= Underlying Health Condition =

Disability advocate group

Underlying Health Condition (UHC) is a collective movement for change in the UK television industry, founded by Jack Thorne, Genevieve Barr, Katie Player and Holly Lubran.

They are collective of disabled and non-disabled on and off screen creatives & technical crew currently working within the television industry. They champion the Social model of disability.

In August 2021 Thorne announced the creation of the pressure group during his MacTaggart Lecture at the Edinburgh International Television Festival. During the lecture, Thorne called television an "empathy box," but said that "TV has failed disabled people. Utterly and totally."

In December 2021 on the United Nations' International Day of Persons with Disabilities, the collective published a report entitled 'Everybody Forgot About The Toilets', written in collaboration with the Creative Diversity Network, TripleC, the Disabled Artists Networking Community (DANC), Deaf and Disabled People in TV (DDPTV) and the 1in4 Coalition, gaining international coverage from screen industries globally.

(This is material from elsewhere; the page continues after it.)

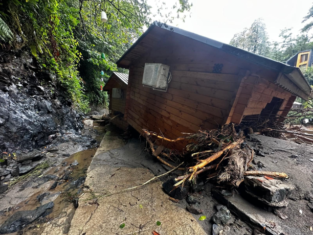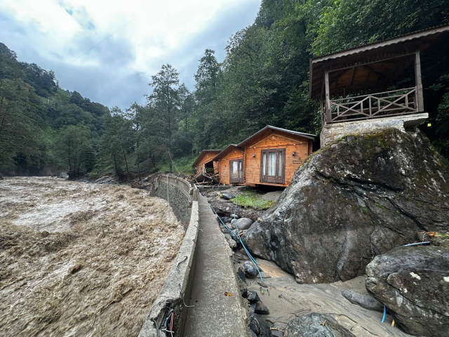 Çamlıhemşin ilçesinde etkili olan sağanak yağışın ardından dereler taştı. İlçede dere kenarında bulunan iki bungalov, şiddetli sel sularına dayanamayarak yıkıldı.

Underlying Health Condition surveyed 72 television studios and facilities providers across the UK over a period of 6 months. Only 45.85% of those contacted responded, and during the launch of 'Everybody Forgot About The Toilets,' UHC revealed their findings, including the discovery that there was only 1 fully accessible honeywagon available to hire in the whole of the UK as well as their recommendations for change, which include introducing a line in every High End Television (HETV) Budget for Reasonable Adjustments, the creation of a Disabled Freelancers Fund, training and hiring Accessibility Coordinators, and the creation of a Studios and Facilities Fund. Channel 4 are the first major UK broadcaster to commit to issuing UHC's recommended 'industry-first' guidelines, and in March 2022 ScreenSkills announced they would be training 12 Accessibility Coordinators by the end of the year.

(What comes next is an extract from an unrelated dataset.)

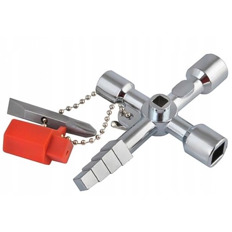 Klucz z końcówkami do otwierania i zamykania większości skrzynek oraz szaf sterowniczych (grzewczych, elektrycznych, sanitarnych). W zestawie z kluczem znajduje się łańcuszek z adapterem oraz bitaem dwustronnym - płaskim oraz krzyżowym.
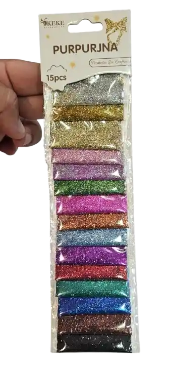 Pack de Purpurinas 15 colores Excelente Calidad 10grs cada bolsa

UHC are part of the Coalition for Change, alongside the BBC, Channel 4, ITV, Sky UK, ViacomCBS, STV, Creative England, The Film and Television Charity, UKTV, the Broadcasting, Entertainment, Communications and Theatre Union (BECTU), Directors UK, WFTV Awards, Viva La PD, The TV Collective, The Unit List, PACT and Share My Telly Job.

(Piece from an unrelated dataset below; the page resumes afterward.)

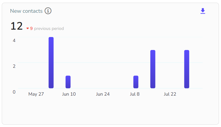 To access this feature, simply go to Reports > New contacts and conversations. All metrics have alongside them the comparison of this number in real-time with previous periods.

In August 2022, 9 of the UK's biggest broadcasters, the BBC, Channel 4, Paramount Pictures, Amazon Studios, BritBox, ITV, Sky, UKTV and Disney +, joined UHC, DANC, DDPTV, CDN and the Producers Alliance for Cinema and Television in launching the TV Access Project at the Edinburgh International Television Festival. "The flagship cross-industry initiative," said Max Goldbart in Deadline Hollywood, is "a blueprint to rid the sector of appalling accessibility problems," led by BBC Chief Content Officer Charlotte Moore. TAP makes clear that studios and facilities providers who meet their guidelines will be prioritised by the member broadcasters when considering new UK commissions.